So, I had a wonderful conversation with myself in the car today. I spoke to myself about taking seriously things that are said just to harm me, harass me, or by negative individuals who don’t necessarily mean to harm me, but whose words paint nothing but their own negativity and insecurity.
During my nice little self-pep talk, I told myself that it was ok to not take some things seriously, I did not have to let those things sink into my thoughts and become a reflection of the way I perceive myself. That no matter how hurtful, scary, angering, or disheartening those words are, I do not have to accept them, I do not have to allow them into my heart, and I do not have to allow them into my soul.

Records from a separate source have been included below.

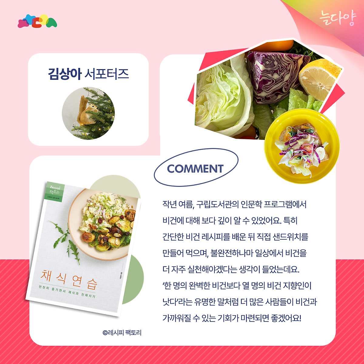 ‘한 명의 완벽한 비건보다 열 명의 비건 지향인이 낫다’라는 유명한 비건 명언처럼 더 많은 사람들이 육류 소비를 조금씩 줄여나가고 각자의 삶에서 불완전한 채식의 비율을 늘려갈 수 있다면 좋겠다. 내게 그러한 기회가 되어준 것이 도서관 프로그램이었던 만큼, 공공차원에서의 비건 배움의 장 역시 늘어나기를 바라본다.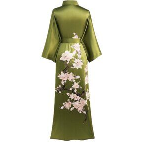 NWT Women's Robe, Satin Floral Kimono Robe, Babeyond Brand Size OS. Floor length, long sleeve kimono robe with sash tie closure and pockets.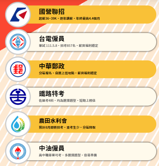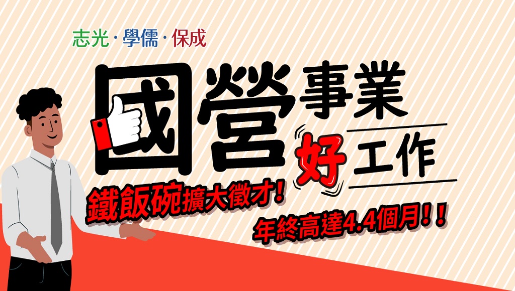 「3/18-3/25求職/轉職必勝專案」,【國營事業招考生力軍】 考科好準備、薪資待遇好,選國營事業就對了!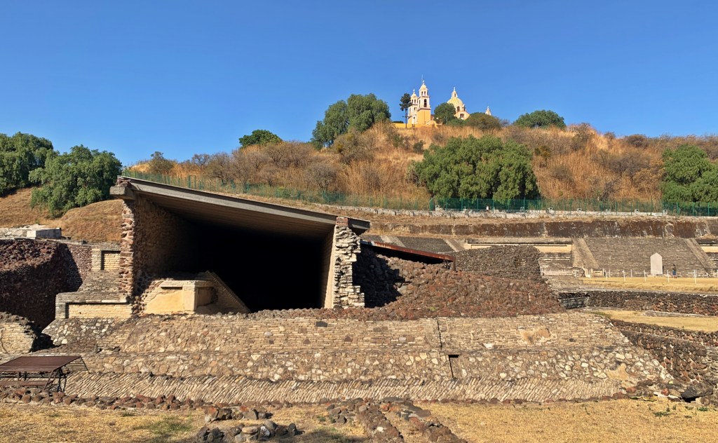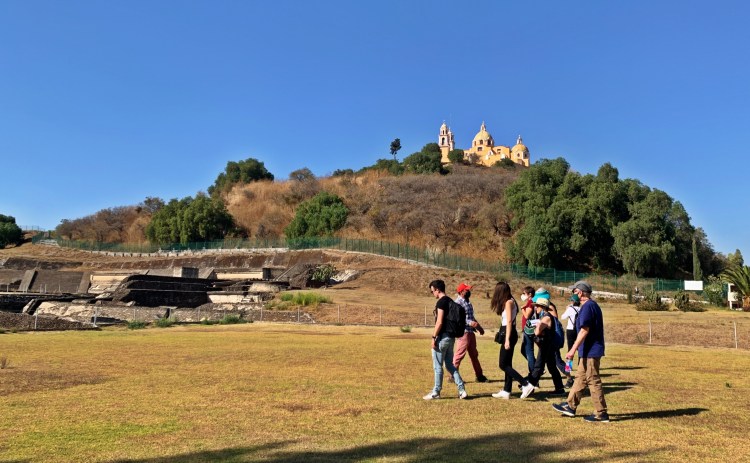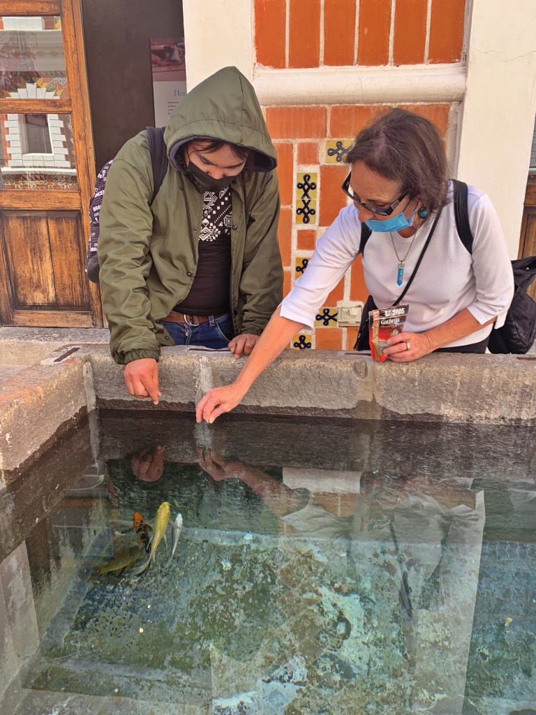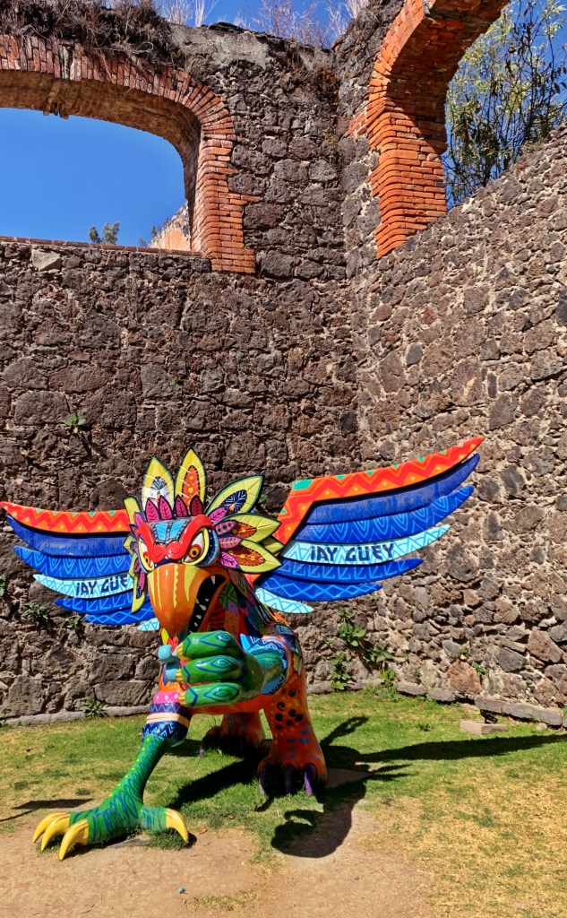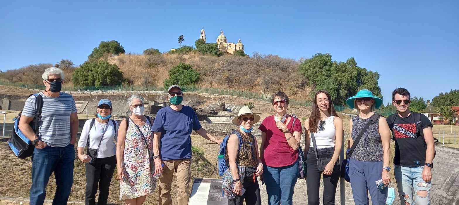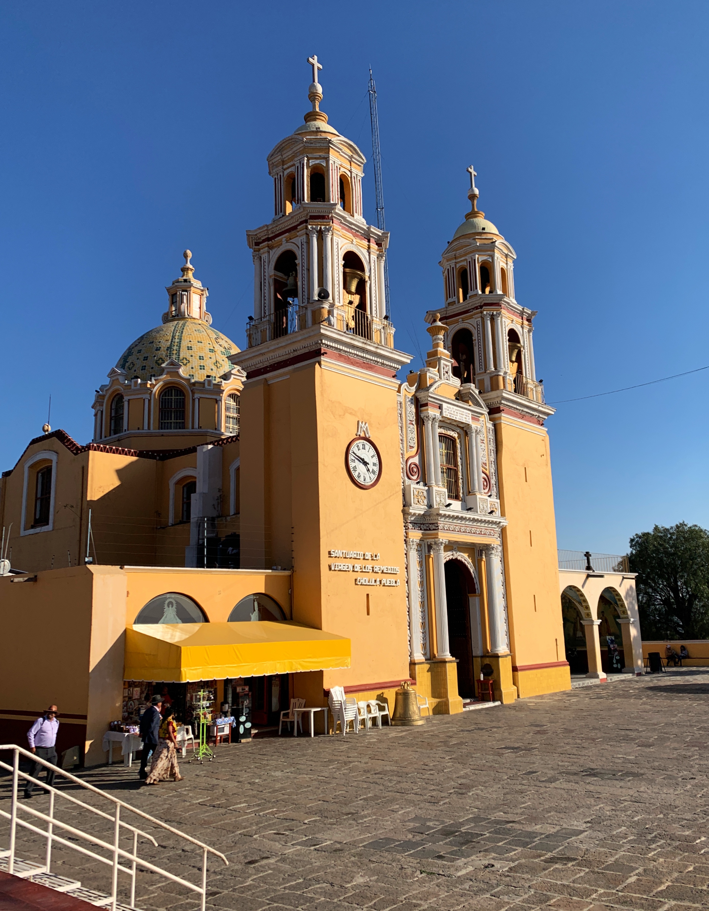 Offered once each three-week course, these two excursions are a highlight. The first one, Cholula, was quite popular with nine students participating. Our guide ushered us all into a van and we drove to the Great Pyramid of Cholula, also known as Tlachihualtepetl. The construction of the church on top was started in 1574, even though the Spaniards knew the significance of pyramid underneath. Or, more likely, they built it because of the significance. The pyramid was re-discovered in the early 1930’s and excavations were underway through 1970. No further excavations are allowed due to the risk of harming the church. (I find this an interesting repeating concept in Mexico: pre-hispanic vs. Spanish. ) During the explorations five miles of tunnels were built within the pyramids. These are closed now due to COVID. However, I had a chance to wander through them with my grandson, Sebastian, in 2019. They gave me a strong feeling of claustrophobia, so I was grateful I didn’t do that again. Mexico is very proud of the fact that theirs is the largest pyramid in the world – not in height, but in volume. It has a base of 1,480 ft. by 1,480 ft. and a height of 217 ft. This seems to be a popular destination for families. I appreciate that Mexico’s history co-mingles with daily life.
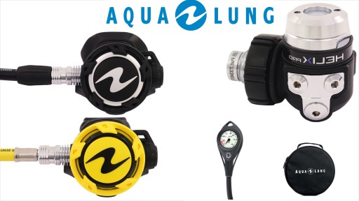 Zestaw zawiera: automat oddechowy Helix Pro (1 i 2 stopień z wężem), octopus Helix, manometr Aqualung i torbę na cały zestaw.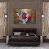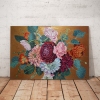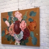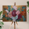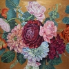 A floral composition in vintage style, using textured paste, with a relief rough background in golden-bronze color that emphasizes the delicacy and fragility of the beautiful flowers.

I don’t have to riddle my thoughts with drops of acidic negativity just because somebody told me something untrue, something terrible, something insecure or negative. I don’t have to let it affect me or what I do.
I also spoke to myself about how I know what’s best for me, that my decisions are mine and I should not allow others’ opinions to alter my decisions because that is when they falter and fall apart. That I am doing what’s best for me, and only I know what that is.
I assured myself that even though it hurts, those words spoken in such a wry sense of affect don’t have to define me. I can accept what they say as their opinion- not mine.
So, all my beautiful people, the next time somebody says something that makes you down, please, just ask yourself, is what they said really worth altering your opinion of yourself?
Don’t allow what others say to change you. You’re stronger than that.